After I remembered the sexual abuse, but before I remembered ritual abuse, I worked a lot with self-hypnosis. It told me nothing new about my past but it helped me deal with the feelings that had been buried so long. That was okay; I wasn’t looking for more information. I was trying to absorb what I already had learned, which was far more than I ever wanted to know.

An early phrase that came up was “If I could write with blood…” which meant, or I thought it meant, was that the intensity of writing in blood would drive home the meaning of what I wanted to communicate. Like taking somebody by the shoulders, shaking them, and yelling, “Listen to me!!!” At the time, I had no idea what I wanted to say, I just knew I wanted a really powerful way of expressing myself.

A few days later I took out pencil and watercolors and started sketching my hand. It was as if the painting painted itself — it was like one of those coloring books from my childhood where you went over the page with a wet brush and a picture magically appeared. (Wonder if that kind of coloring book is still available?) My mind was blank as I did this.

I have never cut my wrists, and so there are no scars.
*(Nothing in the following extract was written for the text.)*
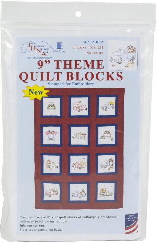 - 12 unique 9x9 inch quilt squares with vintage-inspired truck design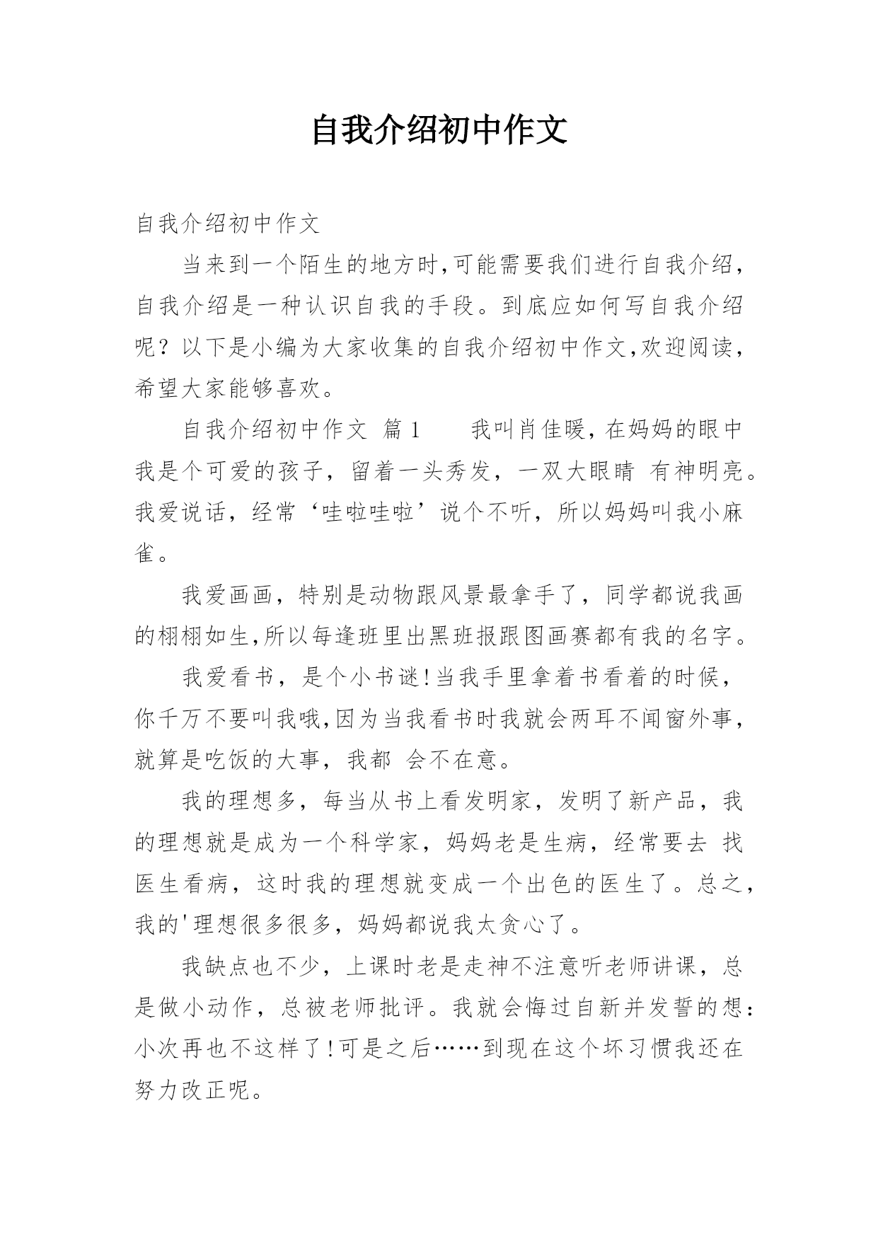 自我介绍初中作文自我介绍初中作文当来到一个陌生的地方时,可能需要我们进行自我介绍,自我介绍是一种认识自我的手段。到底应如何写自我介绍呢?以下是小编为大家收集的自我介绍初中作文,欢迎阅读,希望大家能够喜欢。自我介绍初中作文篇1我叫肖佳暖,在妈妈的眼中我是个可爱的孩子,留着一头秀发,一双大眼睛有神明亮。我爱说话,经常‘哇啦哇啦’说个不听,所以妈妈叫我小麻雀。我爱画画,特别是动物跟风景最拿手了,同学都说我画的栩栩如生,所以每逢班里出黑班报跟图画赛都有我的名字。我爱看书,是个小书谜!当我手里拿着书看着的时候,你千

But I was painting a scar — saying that my pain was so great that I wanted to, or could have, or might just as well have tried to kill myself. And the red? Is it blood, or flames, or both? I didn’t know then and I don’t know now. But it surely signifies injury and pain and it surely is intense.

Painting on my wrist is telling, if not in words, and the real scars that many of us carry are an intense, compelling way of telling. It is so sad that people cannot understand what we are saying when we hurt ourselves or even that we are trying to communicate something deep and awful. At times we ourselves cannot understand that we are trying to talk about what happened to us.

We have to find a way to translate our actions into words, and then we can make sense of why we hurt ourselves and forgive ourselves for trying to speak in the only way we had at the time.